Il tema sarebbe ampio e articolato, e qui si possono dare solo brevissimi cenni a giustificazione di questa presa di posizione.
Intanto, la fiaba viene raccontata e non letta. Nella lettura, infatti, si perde quello speciale rapporto che il racconto orale lascia invece inalterato: è un incontro fra adulto e bambino che passa attraverso il contatto diretto non mediato dal libro. Leggendo si è costretti a concentrarsi sulla pagina che si sta guardando e non sui propri ascoltatori e su come le proprie parole stiano influendo sul bambino. (Se questo vale per la lettura, per l’esposizione a fonti automatiche di riproduzione ovviamente lo scenario peggiora notevolmente e per molte ulteriori ragioni.)

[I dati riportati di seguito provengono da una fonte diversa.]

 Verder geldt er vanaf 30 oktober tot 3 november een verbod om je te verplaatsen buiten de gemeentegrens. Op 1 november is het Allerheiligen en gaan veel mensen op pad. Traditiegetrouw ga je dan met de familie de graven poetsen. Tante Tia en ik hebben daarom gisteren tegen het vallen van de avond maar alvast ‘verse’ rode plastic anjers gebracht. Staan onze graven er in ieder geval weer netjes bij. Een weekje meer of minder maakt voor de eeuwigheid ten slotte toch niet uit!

La mancanza di enfasi su emozioni e scelte discrezionali dei personaggi deve poi essere accompagnata da un modo di raccontare privo di accentuazioni di caratteri, come quelli emozionali, per i quali i bambini non sono ancora strutturalmente pronti: molto semplicemente, nei primi anni di vita non è ancora sviluppata una maturità emotiva che consenta al bambino di “gestire” correttamente le emozioni indotte dal racconto.
Questo sembra andare in senso opposto al fatto che, spesso, le fiabe hanno momenti anche molto violenti e truci: ma sono solo i nostri occhi di adulti a vederli come tali. Il bambino coglie invece l’elemento universale, l’archetipo che sta all’interno della narrazione della fiaba, ed è quello (non enfatizzato sotto il profilo emotivo) che lo aiuta a orientarsi all’interno della polarità bene/male.

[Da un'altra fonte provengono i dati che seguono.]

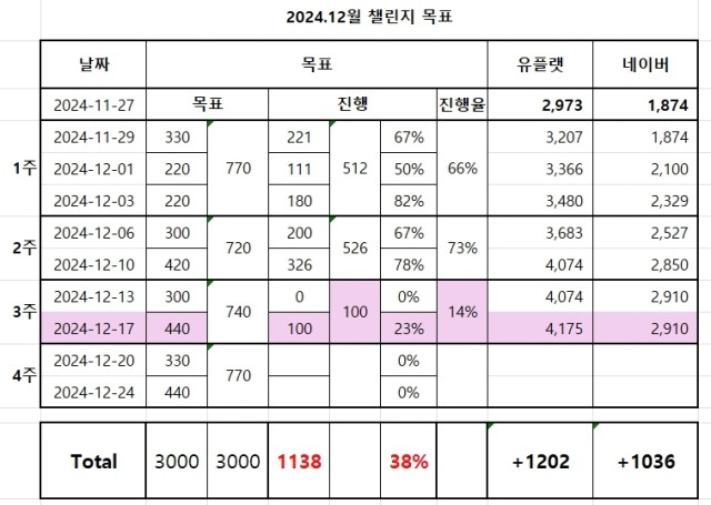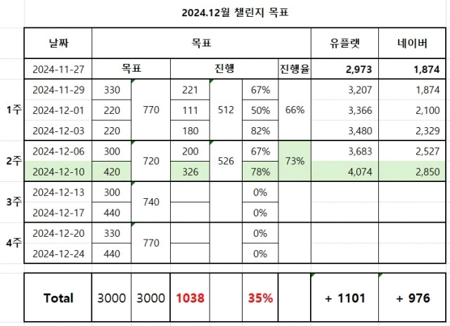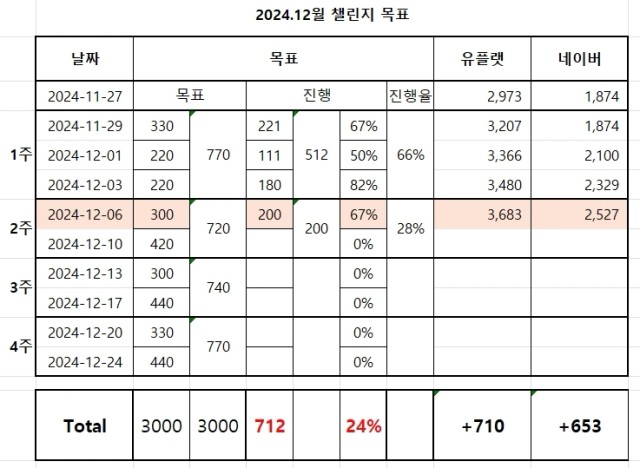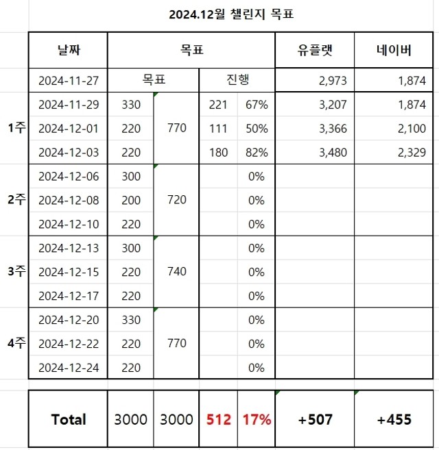 오만DB의 매출업 챌린지 워밍업🔥 1단계 : 챌린지 시작 전, 현재 등록 상품 수 인증하기 유플랫 : 2,973 스마트스토어 : 1,874 2단계 : 챌린지 계획 작성하기 1주차 : 750개 이상 2주차 : 750개 이상 3주차 : 750개 이상 4주차 : 750개 이상 [1주차] _ 계획 (하루 110개 이상) 11/27 ~ 11/29 330개 이상 가

Facciamo un esempio: se viene raccontato a un bambino, con toni neutri, che sta arrivando un pericoloso lupo, il bambino formerà l’immagine mentale del lupo in modo che sia per lui gestibile, un’immagine con cui possa confrontarsi in modo equilibrato e, come avviene in quasi tutte le fiabe, il protagonista potrà così superare l’ostacolo: ha lui stesso selezionato inconsapevolmente il grado di “difficoltà” da superare secondo le proprie effettive capacità del momento. Se invece viene proposta a un bambino piccolo l’immagine di un lupo, quanto deve essere brutta e paurosa per assolvere al compito evolutivo della fiaba? E chi lo sceglie? Sicuramente l’illustratore: e non c’è alcuna garanzia che l’immagine alla fine risulti o troppo o troppo poco sfidante per il bambino (anzi, vi è la certezza che avvenga il contrario).
Come ogni altro aspetto della pedagogia Waldorf, la fiaba non è un momento di intrattenimento, ma uno strumento per accompagnare la crescita del bambino, aiutandolo proprio attraverso il lavoro su ritmo, archetipi e superamento dell’ostacolo tipici della struttura narrativa della fiaba.
Perdere l’occasione di avere un corretto rapporto con il racconto della fiaba è quindi perdere le possibilità che dà questo strumento.

Letture consigliate:
- Introduzione al linguaggio immaginativo delle fiabe. Un orientamento nello spazio fiabesco, di Gisela Fuggee.
- Fiabe, una fonte di giovinezza, di Micaela Gloker.